As you said, I fully expect people to just run past the mechanic unless I specifically force the fact of its existence into their brains which is precisely what I was planning on doing.
And, unless you intend to release the game only once totally finished, you'll have to force this fact with every single update. Because even if you intent to release an update every week, there's players that will have totally forget this particularity.
And since there's absolutely no guaranty that a player will effectively save at the end of the previous update, and not in the middle of it for whatever reason, you'll have in fact to constantly remind that it's how it works.

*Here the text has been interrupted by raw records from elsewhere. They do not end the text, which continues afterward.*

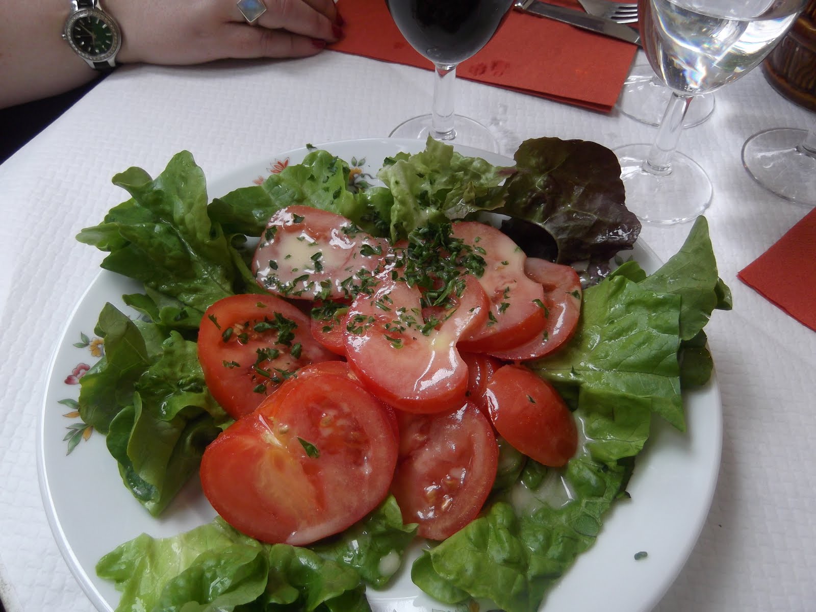 'I'm hungry from all that shopping and walking - let's stop for a snack.' Tomato salad and red wine. Obviously... |
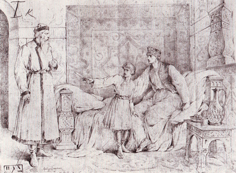 Vladimirs un Ragneda. 1886. Papīrs, grafīts, 54,2 x 73 cm. LNMM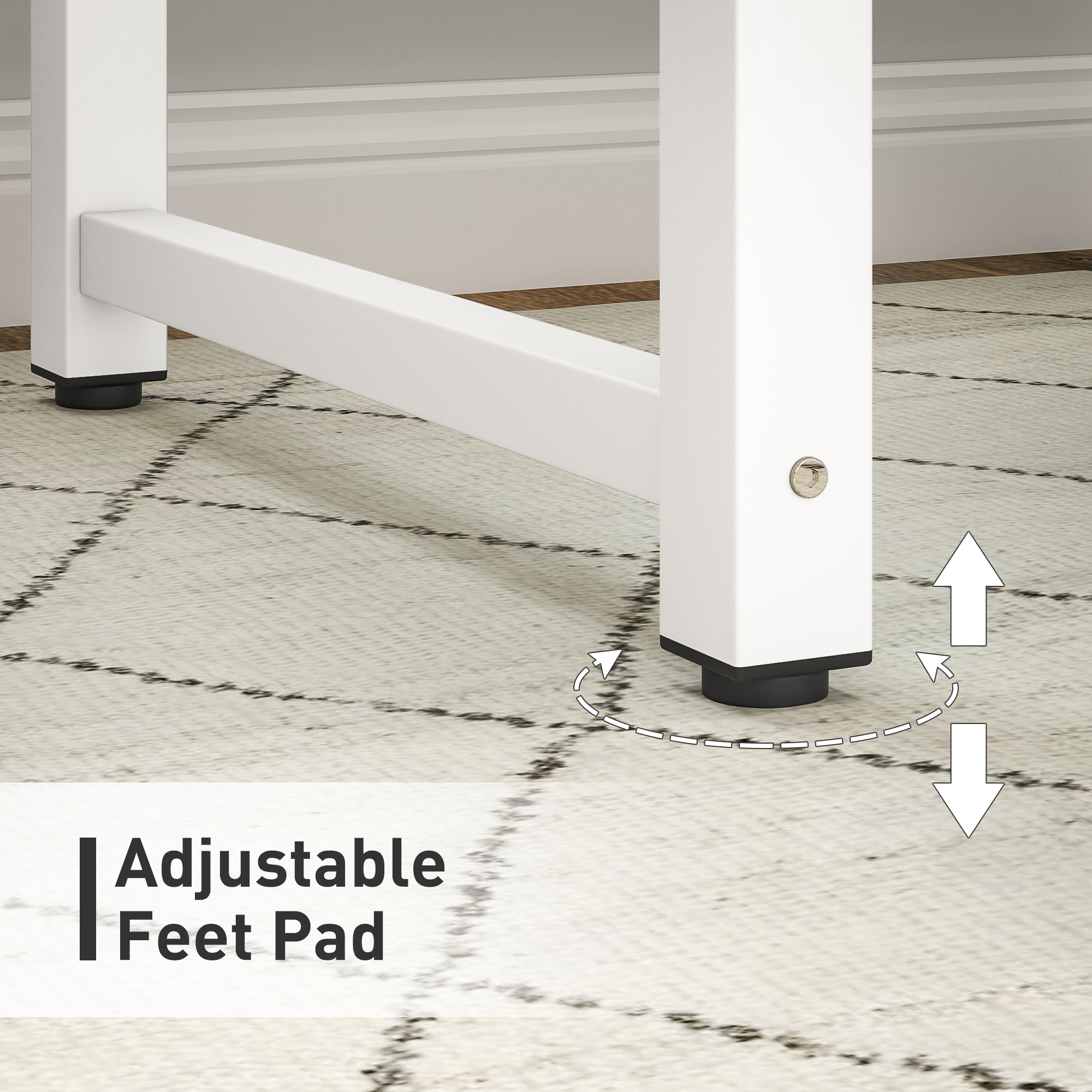 Sometimes, simplicity is key. This HOMCOM computer table proves it. Built with a robust steel frame that supports up to 100kg, it features a sleek, minimalist design with a melamine-coated tabletop that's easy to wipe clean—great for busy, on-the-go lifestyles. Adjustable feet ensure stability and balance at all times, making it an optimal addition to both home and office spaces.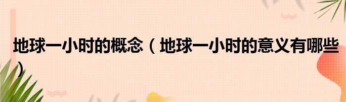 地球一小时的概念(地球一小时的意义有哪些)
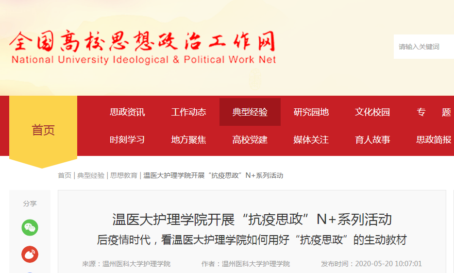 5月12日这一天在VSport体育“疫路护行,大爱传承”纪念护士节诗歌会活动的访谈环节,当来自援鄂一线的护士郑秀云讲到,在援鄂期间穿着防护服像大白一样的她,抱着因为丈夫病情危重情绪奔溃痛哭不止的妻子,她真希望自己变成大白有超能力可以帮助更多的人,现场和线下观看的员工眼眶红润,眼角溢出感动的泪水。战“疫”是最好的思政教科书,也是对护生开展爱国主义教育、职业精神教育的最好素材,后疫情时代,如何用好“抗疫思政”的生动教材,温医大VSport体育做了多元化的探索,开展“抗疫思政”N+系列活动。

As to what is my goal, I just think it would play nice with the transitions I'm using, giving a more immersive player experience (corporate speak much?), but I can't be sure how well it will work until I have a working prototype.
A transition is a transition. Therefore it's just a nice effect that permit to pass from an image to another. This mean that
you necessarily need to have a full control over its duration.
If the transition is shorter that what you planed, it will not be finished when the new image will be fully displayed, what will looks ridiculous.
Imagine that your transition is the current image fading to black, then the next image fading from black. If the player interrupt the transition before the fade to black is finished, the current image will be immediately replaced by the next one, and this before it have fully disappeared. The player will only see the next image, but the effect will be ugly and, as I said, looks ridiculous.
And the same apply for the opposite, therefore a transition longer than what you planed.
With still my fade to then fade from transition, what will happen ? The next image will be fully displayed, and then what ? Well, then nothing, the transition is finished, there's nothing more to do because there's nothing more that can be done.
And, of course, you can't time the transition to match the time the player will pass pressing the button, because you've no way to know this before hand, therefore when you have to plane the time past doing this and the time past doing that.
If your "transition" can be either shorter or longer than what you planed, then it's not a transition, it's an looped effect. And therefore it should be used like a transition, but like an effect.
To this have to be added that transition can be purely skipped if the player want it. And basing a game mechanism on something that can be skipped isn't really a good idea.
Would you be able to give example code just checking the state of mouse button
Not at this time of the night.
There's example in the doc if my memory don't betray me, and some in this forum.